TensorPipe aims to be "backend-agnostic": it doesn't want to be restricted to a
single way of copying data around but wants to be able to choose the fastest
medium from a library of backends, based on the circumstances (e.g., are the two
processes on the same machine?) and on the available hardware (e.g., are the
GPUs connected with NVLink?). TensorPipe strives to have the largest selection
of backends, enabling users to implement specific backends for their systems
(should the default ones prove limited) and encouraging contributions.

The two processes that are establishing a pipe will automatically negotiate
during setup to determine which of the backends they have at their disposal can
be used and how well they would perform, in order to choose the best one in a
way that is completely transparent to the user.

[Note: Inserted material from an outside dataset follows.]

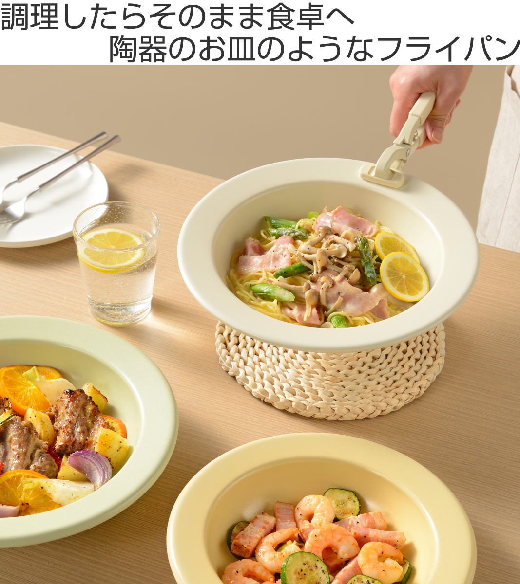 フライパンとは思えないデザイン性の高さも魅力です。温かみのある落ち着いたカラーとマットな質感。陶器のお皿のような風合いで食卓をおしゃれに彩ります。

Backends come in two flavors:

- Transports are the connections used by the pipes to transfer control messages,
  and the (smallish) core payloads. They are meant to be lightweight and
  low-latency. The most basic transport is a simple TCP one, which should work
  in all scenarios. A more optimized one, for example, is based on a ring buffer
  allocated in shared memory, which two processes on the same machine can use to
  communicate by performing just a memory copy, without passing through the
  kernel.

- Channels are where the heavy lifting takes place, as they take care of copying
  the (larger) tensor data. High bandwidths are a requirement. Examples include
  multiplexing chunks of data across multiple TCP sockets and processes, so to
  saturate the NIC's bandwidth. Or using a CUDA memcpy call to transfer memory
  from one GPU to another using NVLink.

These different usage patterns promote different design choices when
implementing transports and channels, which means the two are not perfectly
interchangeable. For example, a TCP-based transport is best implemented using a
single connection, whereas a TCP-based channel will benefit from using multiple
connection and chunk and multiplex the payload over them in order to saturate
the bandwidth even on the most powerful NICs.

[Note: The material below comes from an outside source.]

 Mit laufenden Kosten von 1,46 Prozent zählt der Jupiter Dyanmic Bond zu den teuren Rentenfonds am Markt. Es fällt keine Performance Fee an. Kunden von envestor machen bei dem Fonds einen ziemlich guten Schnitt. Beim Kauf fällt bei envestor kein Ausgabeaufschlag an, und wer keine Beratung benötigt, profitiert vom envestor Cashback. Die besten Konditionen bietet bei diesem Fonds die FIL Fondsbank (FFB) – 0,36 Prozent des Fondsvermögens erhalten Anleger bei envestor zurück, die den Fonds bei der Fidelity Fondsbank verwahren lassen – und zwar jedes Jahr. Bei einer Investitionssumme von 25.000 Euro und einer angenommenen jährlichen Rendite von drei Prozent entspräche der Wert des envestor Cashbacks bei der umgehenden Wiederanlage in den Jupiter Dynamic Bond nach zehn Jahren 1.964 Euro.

Moreover, the APIs of transports and channels put different constraints on
them, which demand and permit different approaches. As a rule of thumb, we
require more from the transports: the only out-of-band information they can use
is a simple address, which is all they can use to bootstrap the connection, and
they need to include some "signaling" capabilities (a write on one side "wakes
up" the other side by causing a read). Channels, on the other hand, have much
looser requirements: they basically just need to implement a `memcpy` and, for
anything beyond that, they can leverage a transport that the pipe gives to them
for support.

## License

TensorPipe is BSD licensed, as found in the [LICENSE.txt](LICENSE.txt) file.